Updated on March 21, 2011

Probably not too many people know that there is a city under Seattle, in the state of Washington. I didn't know it, until I lived there. I worked in Renton, for a company called Renton Coil Spring Company, way back in the 70's. Renton Coil Spring may sound like an unassuming company, but they made highly technical springs for Boeing which they used in their aircraft and other products. The springs underwent rigorous testing and specifications. The company now boasts of the fact that the rover left on the moon has products made by that company.

Getting back to the underground city: While I lived in Renton, I had the opportunity to see "The Underground City of Seattle" and was able to know for myself that it, indeed, exists. Nobody lives there, though. Actually, it is a glimpse of Seattle's first-floor buildings from the 1990's.

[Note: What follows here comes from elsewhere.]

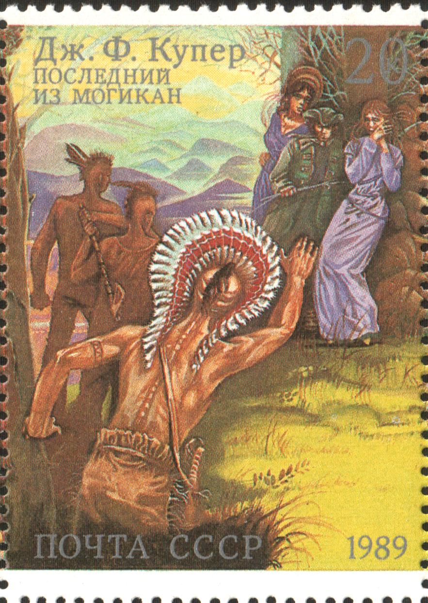 A USSR stamp

Before the 1990's, Most of the buildings were built with the soft, coniferous wood found in the area. In June of 1889, John E. Back, a worker in Victor Clairmont's cabinet-making shop, was heating a pot of glue over a gas fire. It boiled over and caught fire. The fire soon spread to the wood chips and turpentine on the floor. Back tried to douse the fire with water, but that only caused the fire to spread. Fire easily engulfed other buildings made of the soft wood. So massive was the fire that many fire hydrants had to be used, which caused a significant loss in water pressure. This allowed to the fire to spread further until the entire business district of Seattle was consumed.  The area, now known as Pioneer Square, was quickly rebuilt, but with brick and stones to avoid further disastrous fires.

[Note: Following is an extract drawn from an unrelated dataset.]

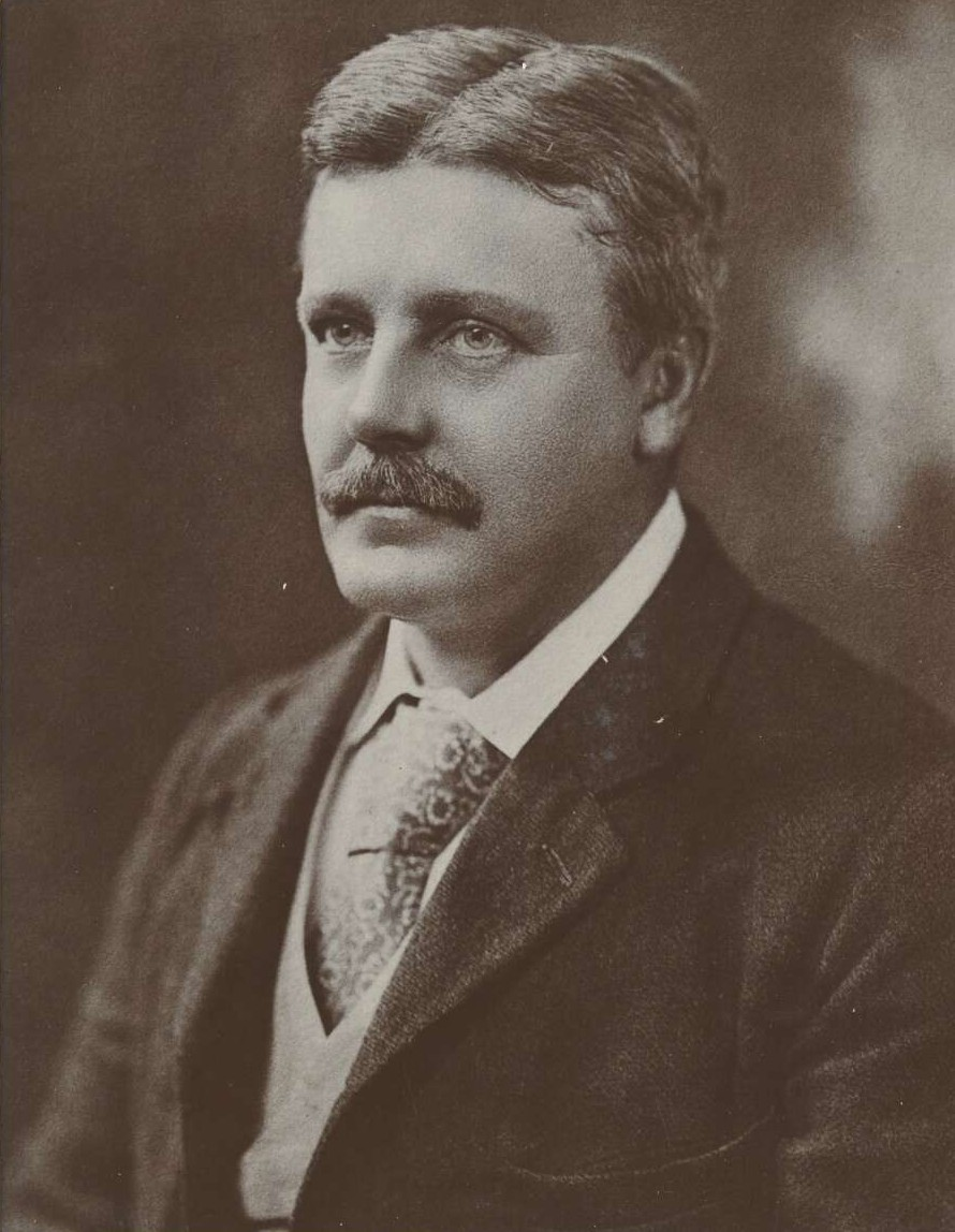 1898 image of Bernhard Ringrose Wise from the collection of the National Library of Australia

But other problems arose, or perhaps better said, persisted: Seattle - as we know it today - was originally built on the shore of Puget Sound, and its elevation was at sea level. This meant that when it rained, the water didn't run off very well, and the streets were muddy enough to - as stated by one questionable source - "swallow dogs and children" Also, when a large wave came in, it backed up the sewer, and people that were sitting on the john (which was a new invention those days), got the surprise of a free washing. So - after the fire gave them an excuse to rebuild - toilets were raised to the second floor, and new roads were built one story off the ground so that the carriages could roll on dry pavement. The next problem that supposedly arose, was that occasionally a creative horse let its dung spill over the edge of the road's side railing, and pedestrians below got another type of surprise. (I use the terms "questionable source" and "supposedly" because of a certain rumor I later learned about this underground tour: It is known to be built on a tongue-in-cheek attitude that puts a suspicious light on the colorful stories told therein.)

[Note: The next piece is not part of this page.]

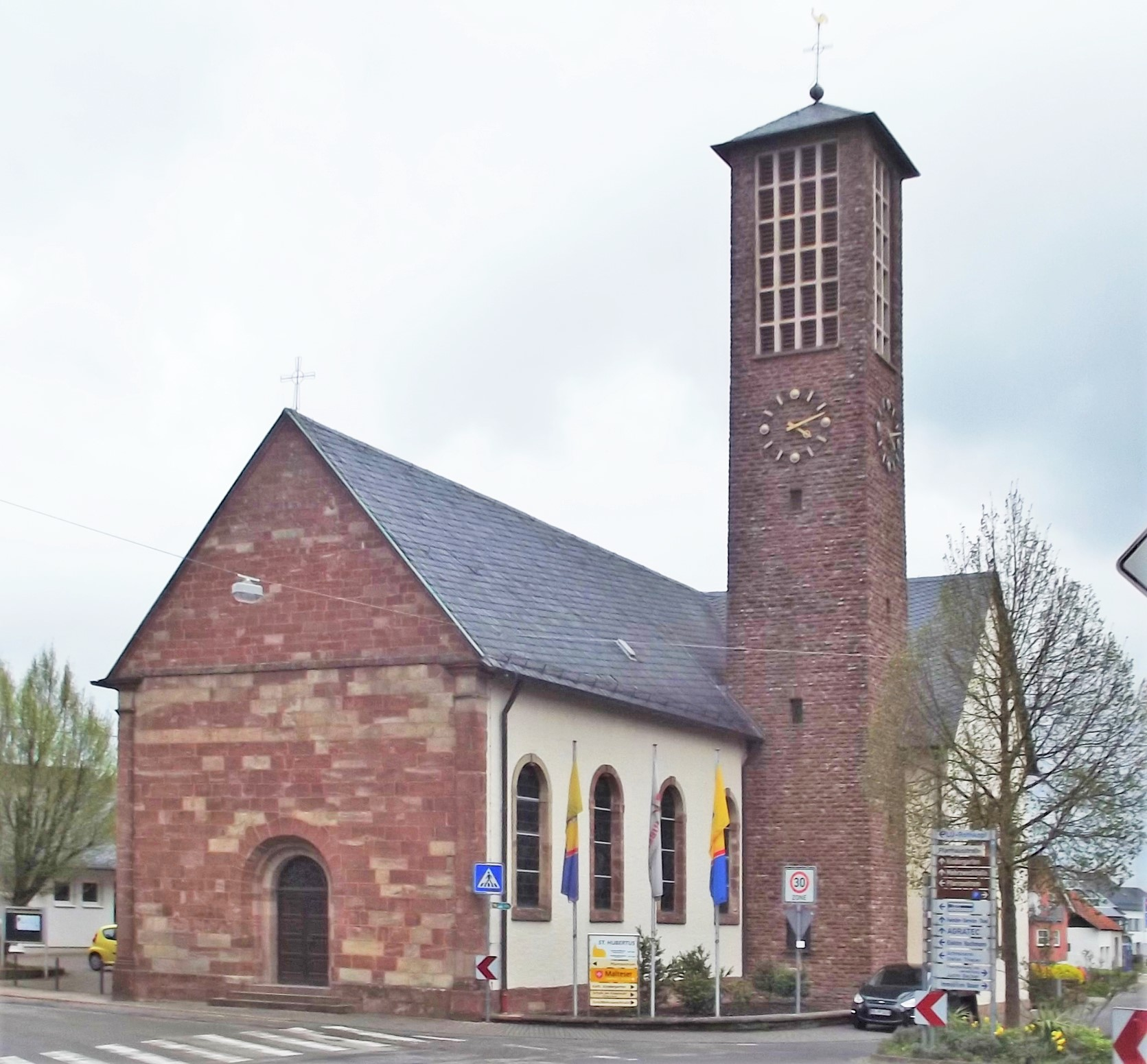 Exterior of the roman catholic church in Niederlosheim, Saarland

So - eventually - the bottom level of all buildings were closed off, and the divisions between the roads and the buildings became underground tunnels. The second story of the buildings became the first floor. For a while, vagrants and questionable "entertainers" occupied these dark "basements" and the underground areas earned a sinister reputation for a while, until laws were instituted and passed that allowed special treatment to places that qualified for historic status. Pioneer Square won that distinction, and business-minded people took advantage, and created this unique attraction for the city of Seattle.

The tour guide stressed how important it was that everyone who entered this underground city should leave at the end of the tour, that each tourist should be sure that all who came with them, left with them. Then he told the story of a time when - after they locked the doors to the underground city after a tour - they discovered they'd left a woman behind. When they finally found the lost soul, they saw that the woman had significantly and permanently changed her personality for the worse. Whether this story (about the woman) is true or not is a question settled by the reader.

It is true, though, that the underground areas exist, as I've seen it. It is rather spooky, made so by the rotting and useless icons of an era gone by, sitting in silent rejection within a dimly-lit and musty gray tomb where nobody ever bothered to clean or dust. The illustration at the top of this article is a conglomerate of different places in the underground city, with additional touches based on what I saw and felt.